Dust devil vortices are a major contributor to the erosion and transport of fine soil particles in the arid regions of Earth and Mars. In several field campaigns conducted in Eldorado Valley, Nevada, from 1995 to 2002, chase vehicles were used to directly sample dozens of individual whirlwinds for their wind dynamics and sediment loads. Concurrently, surface characterization measurements were performed to understand those geologic and aerodynamic factors that acted to enhance or suppress dust devil formation. Similar work was carried out on volcanic landscapes in the Peruvian Andes.

Over the course of several minutes, large (>20 m diameter) vortices are found to loft several metric tons of sand, silt and fines to heights in excess of 1 km. The more impressive columns have particle loads greater than 120 milligrams per cubic meter. Such erosive productivity is directly linked to the surfaces they form over or travel across.

In years with a higher occurrence of summer thunderstorms and winter rainfall, fresh sand and silt is delivered to the alluvial plains surrounding the central playa. Dust devils were more abundant on those gently sloping surfaces. Such "wet" years, however, also promoted growth of grasses which in turn created frictional surfaces that slowed winds to speeds below the surfaces' erosion thresholds. Dust devils were scarce over those "meadows".
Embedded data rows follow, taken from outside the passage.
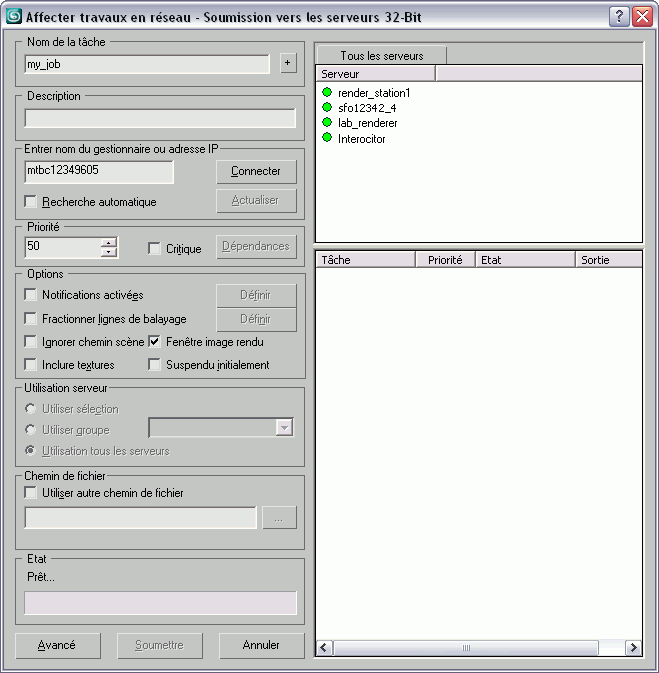 3ds Max ouvre la boîte de dialogue Affecter travaux en réseau.
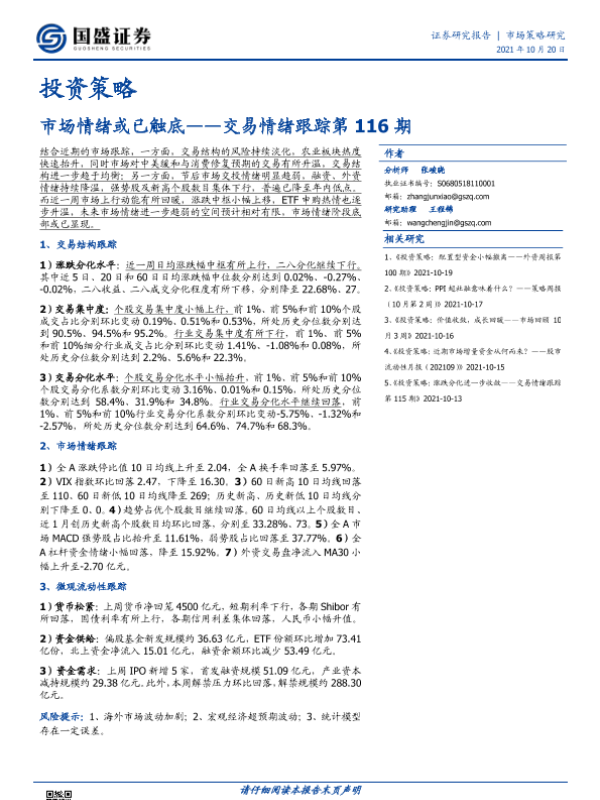 【国盛证券】【20211020】交易情绪跟踪第116期:市场情绪或已触底-15页
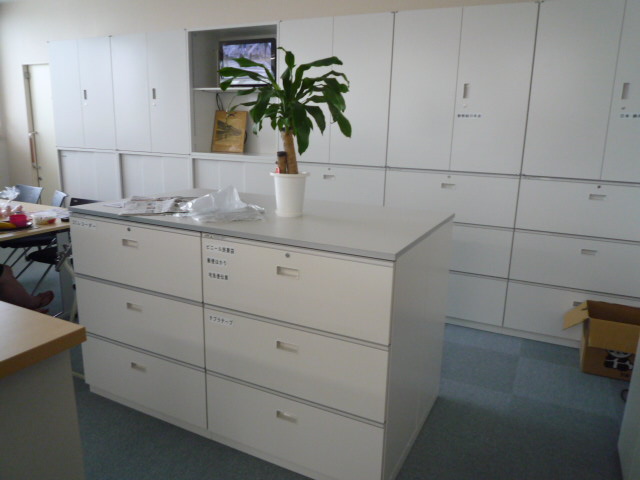 自席を設けずに個人の書類は個人のデスクワゴンに収納して、交代でデスクを使用する「大型天板フリーアドレスデスク」を導入する提案をさせて頂きました。

More recently, the test valley has experienced sustained dry conditions. The grass stubble of the "meadows" has been flattened and dust devils are now common there. Conversely, on the alluvial plains, the continued stabilization and depletion of the sand and fines, without any newly delivered input, has resulted in a reduction of dust vortex activity. Throughout all these changes, dust devil abundance on the dry lakebed has remained high. This presentation will examine several key surface characteristics in detail and report on the findings of the latest chase program.